Dentro de poco tiempo llenaré de gloria este templo.

Del libro del profeta Ageo: 1,15-2,9

El día veintiuno del séptimo mes del año segundo del reinado de Darío, la palabra del Señor vino, por medio del profeta Ageo, y dijo: “Diles a Zorobabel, hijo de Sealtiel, gobernador de Judea, y a Josué, hijo de Yosadac sumo sacerdote, y al resto del pueblo: ‘¿Queda alguien entre ustedes que haya visto este templo en el esplendor que antes tenía? ¿Y qué es lo que ven ahora? ¿Acaso no es muy poca cosa a sus ojos?

Pues bien, ¡ánimo!, Zorobabel; ¡ánimo!, Josué, hijo de Yosadac, sumo sacerdote; ¡ánimo!, pueblo entero. ¡Manos a la obra!, porque yo estoy con ustedes, dice el Señor de los ejércitos.
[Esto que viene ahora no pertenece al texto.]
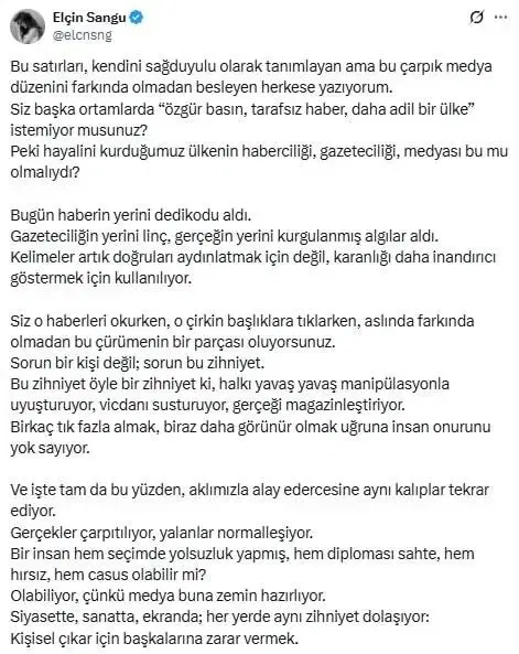 Ünlü oyuncu Elçin Sangu, sosyal medya hesabından yaptığı paylaşımda medya düzenine ve yanlış bilgilendirmelere sert sözlerle tepki gösterdi. Sangu, haberciliğin yerini dedikodu ve manipülasyonun aldığını belirterek “Gerçekler çarpıtılıyor, yalanlar normalleşiyor” ifadelerini kullandı.

Conforme a la alianza que hice con ustedes, cuando salieron de Egipto, mi espíritu estará con ustedes. No teman’.

Esto dice el Señor de los ejércitos: ‘Dentro de poco tiempo conmoveré el cielo y la tierra, el mar y los continentes. Conmoveré a todos los pueblos para que vengan a traerme las riquezas de todas las naciones y llenaré de gloria este templo. Mía es la plata y mío es el oro. La gloria de este segundo templo será mayor que la del primero, y en este sitio daré yo la paz’, dice el Señor de los ejércitos”.

Palabra de Dios.

SALMO

Del salmo 42, 1. 2. 3. 4.

R/. Envíame, Señor, tu luz y tu verdad.

Defiéndeme, Señor, hazme justicia contra un pueblo malvado; del hombre tramposo y traicionero ponme a salvo. R/.
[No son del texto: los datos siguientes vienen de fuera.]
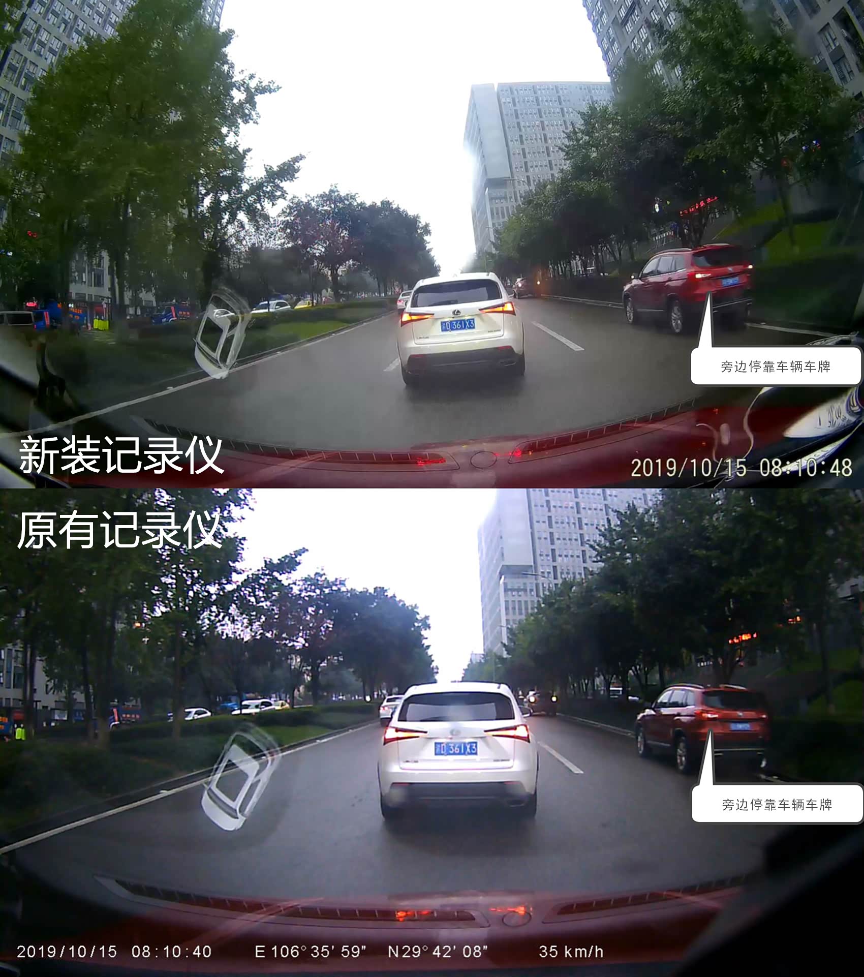 行驶过程的视频截图画面,。前方的雷克萨斯车牌都能看清,但路边停靠的红色SUV车牌是看不清的。两款都是一样。

Si tú eres de verdad mi Dios-refugio, ¿por qué me has rechazado? ¿Por qué tengo que andar tan afligido, viendo cómo me oprime el adversario? R/.

Envíame, Señor, tu luz y tu verdad; que ellas se conviertan en mi guía y hasta tu monte santo me conduzcan, allí donde tú habitas. R/.

Al altar del Señor me acercaré, al Dios que es mi alegría, y a mi Dios, el Señor, le daré gracias al compás de la cítara. R/.

ACLAMACIÓN

Aleluya, Aleluya

El Hijo del hombre vino a servir y a dar su vida por la redención de todos. R/.

Aleluya, Aleluya

EVANGELIO

Tú eres el Mesías de Dios. – Es necesario que el Hijo del hombre sufra mucho.

Del santo Evangelio según san Lucas: 9, 18-22

Un día en que Jesús, acompañado de sus discípulos, había ido a un lugar solitario para orar, les preguntó: “¿Quién dice la gente que soy yo?”. Ellos contestaron: “Unos dicen que eres Juan el Bautista; otros, que Elías; y otros, que alguno de los antiguos profetas, que ha resucitado”.

Él les dijo: “Y ustedes, ¿quién dicen que soy yo?”. Respondió Pedro: “El Mesías de Dios”. Entonces Jesús les ordenó severamente que no lo dijeran a nadie. Después les dijo: “Es necesario que el Hijo del hombre sufra mucho, que sea rechazado por los ancianos, los sumos sacerdotes y los escribas, que sea entregado a la muerte y que resucite al tercer día”.

Palabra del Señor.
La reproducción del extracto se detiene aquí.